Academic journal article Economic Perspectives

The Great Turn-of-the-Century Housing Boom

Article excerpt

Introduction and summary

In the last ten years, residential investment as a share of gross domestic product (GDP) has reached levels not seen since the 1950s. At the same time, the homeownership rate has climbed to levels never before achieved. This article discusses the forces underlying these developments and argues that they are connected.

Figure 1 shows the ratio of nominal residential investment to GDP from 1947 to 2005, with shaded regions indicating years in which the economy was in recession. The spending share of residential investment is clearly highly cyclical, but in the last ten years it has seemed relatively immune to macroeconomic disturbances. Indeed, from a near historic low below 3.5 percent in 1991, residential investment spending has grown rapidly, passing 6 percent of nominal GDP in 2005.

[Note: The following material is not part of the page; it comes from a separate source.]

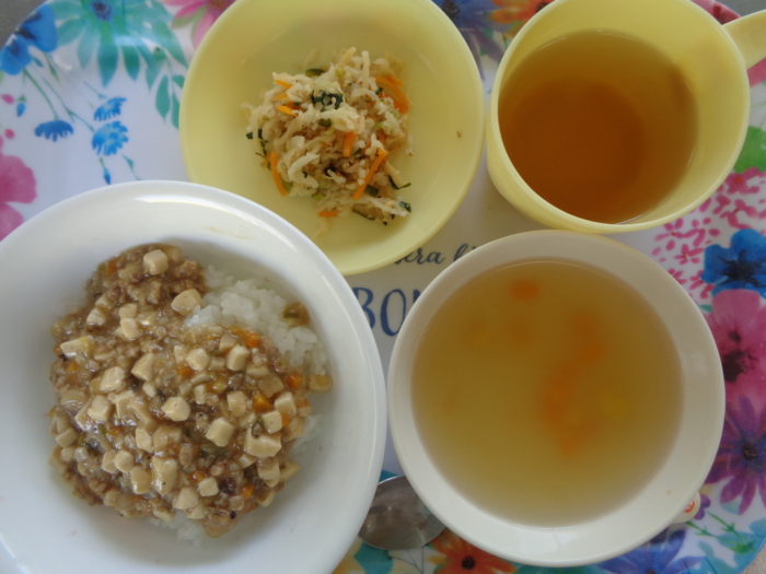 今日の給食は、マーボー丼、三色ナムル、春雨スープです。

Figure 2 shows the history of the homeownership rate from 1890 to 2004. The homeownership rate equals the number of owner-occupied housing units divided by the number of occupied housing units. Between 1890 and 1940, the homeownership rate varied between 43 percent and 48 percent. After World War II, the homeownership rate rose rapidly, and by the mid-1960s it had surpassed 64 percent. Upward progress in homeownership stalled in the 1970s and even fell in the 1980s. It began growing again in the mid-1990s and by 2005 had reached a new high of 69 percent.

Understanding why residential investment and homeownership have reached such unusually high levels is useful from a policymaking standpoint. For example, monetary policy has been traditionally viewed as having a strong influence over new home construction. Have the high levels of residential investment been driven by unusually loose monetary policy? Another concern of policymakers is that the unusually high level of spending on new housing reflects speculation and is not driven by underlying fundamentals. The increase of rates of homeownership has long been an announced goal of policymakers. Indeed, both Presidents Clinton and George W. Bush have touted the rising levels of homeownership as accomplishments of their administrations. So, understanding why homeownership rates have risen should help in the development of policies directed at establishing socially and economically desirable levels of homeownership.

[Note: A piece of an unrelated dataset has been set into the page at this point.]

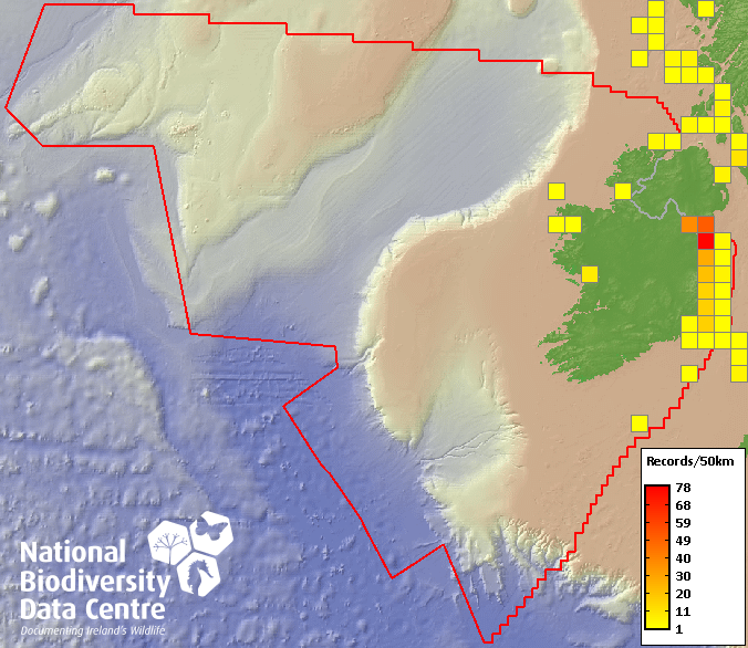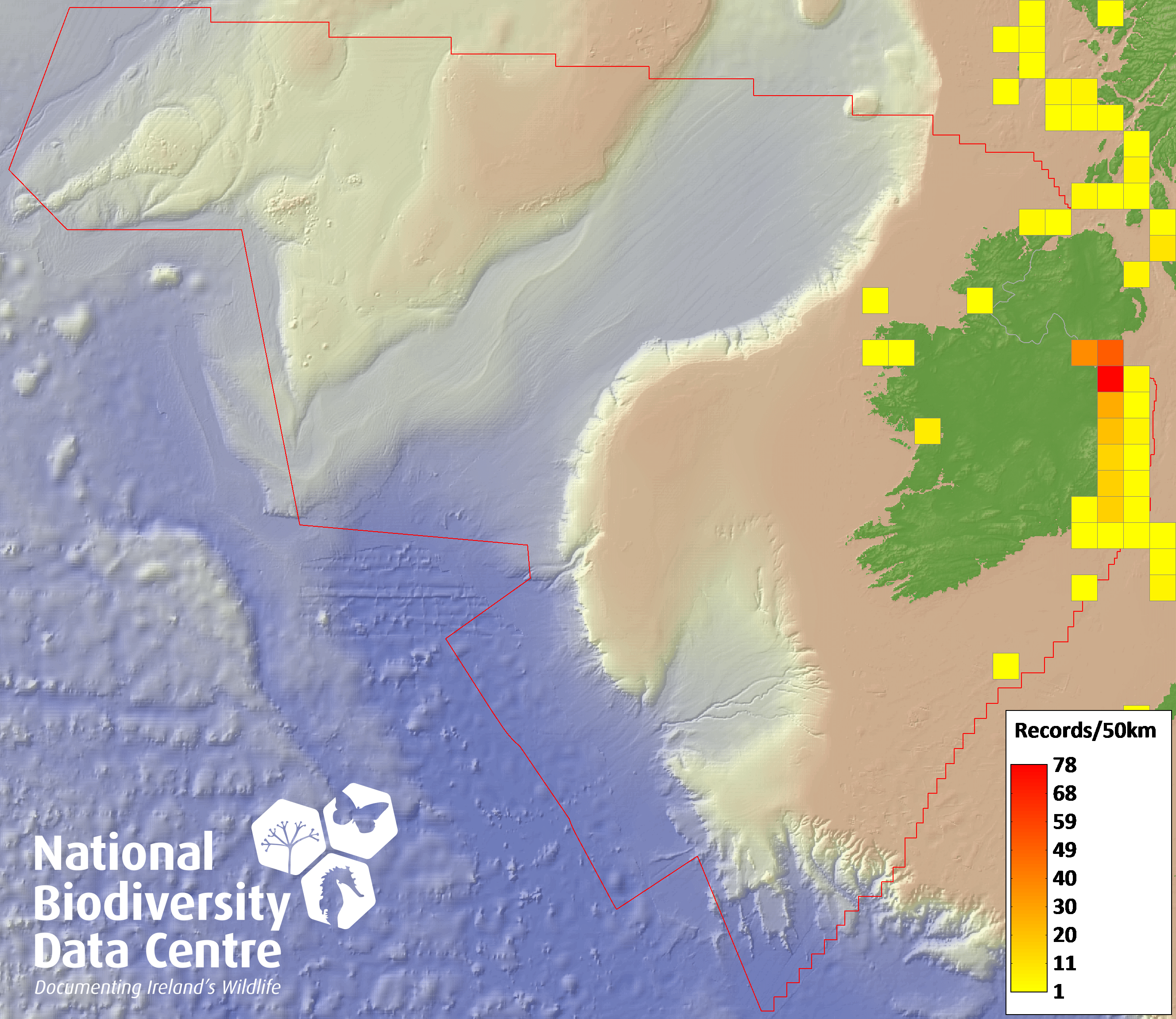Distribution of the number of records recorded within each 10km grid square (ITM).Marine Map - 50km

Much has been said in the press about high levels of house prices and the possibility of a house price bubble. Figure 3 displays the median sales price of existing single family homes, converted into real terms by dividing total sales price by the Consumer Price Index (CPI) for all urban consumers. This figure shows that indeed the real price of single-family homes, after being roughly stable from the early 1980s to the mid-1990s has grown considerably since. This article does not address house prices directly. Rather, it seeks to understand recent developments by focusing on quantities. To the extent that the quantities can be understood by considering the underlying economic fundamentals, such as productivity growth and the evolution of the mortgage market, then the recent growth in house prices is probably not due to excessive speculation in the housing market, such as occurs in a bubble. We argue that our findings point toward the high prices being driven by fundamentals.

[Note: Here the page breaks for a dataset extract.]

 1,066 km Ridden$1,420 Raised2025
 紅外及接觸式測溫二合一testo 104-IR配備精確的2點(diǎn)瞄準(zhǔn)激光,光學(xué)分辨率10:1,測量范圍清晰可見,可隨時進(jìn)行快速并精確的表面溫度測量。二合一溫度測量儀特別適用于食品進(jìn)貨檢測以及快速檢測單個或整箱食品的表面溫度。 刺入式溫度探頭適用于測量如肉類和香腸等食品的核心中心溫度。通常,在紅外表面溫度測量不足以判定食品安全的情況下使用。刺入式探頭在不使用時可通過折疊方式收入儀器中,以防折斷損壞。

The article begins by describing the evolution of key variables that should influence residential investment. While informative, this discussion has the drawback that it is difficult to distinguish the truly exogenous factors driving the spending. For example, showing that real interest rates have been relatively low as residential investment has surged beyond its trend level does not establish that unusually loose monetary policy is to blame. Consequently, the next phase of the analysis involves an econometric study of the effects of identified exogenous shocks to the economy. This study focuses on the roles of technological change and monetary policy. …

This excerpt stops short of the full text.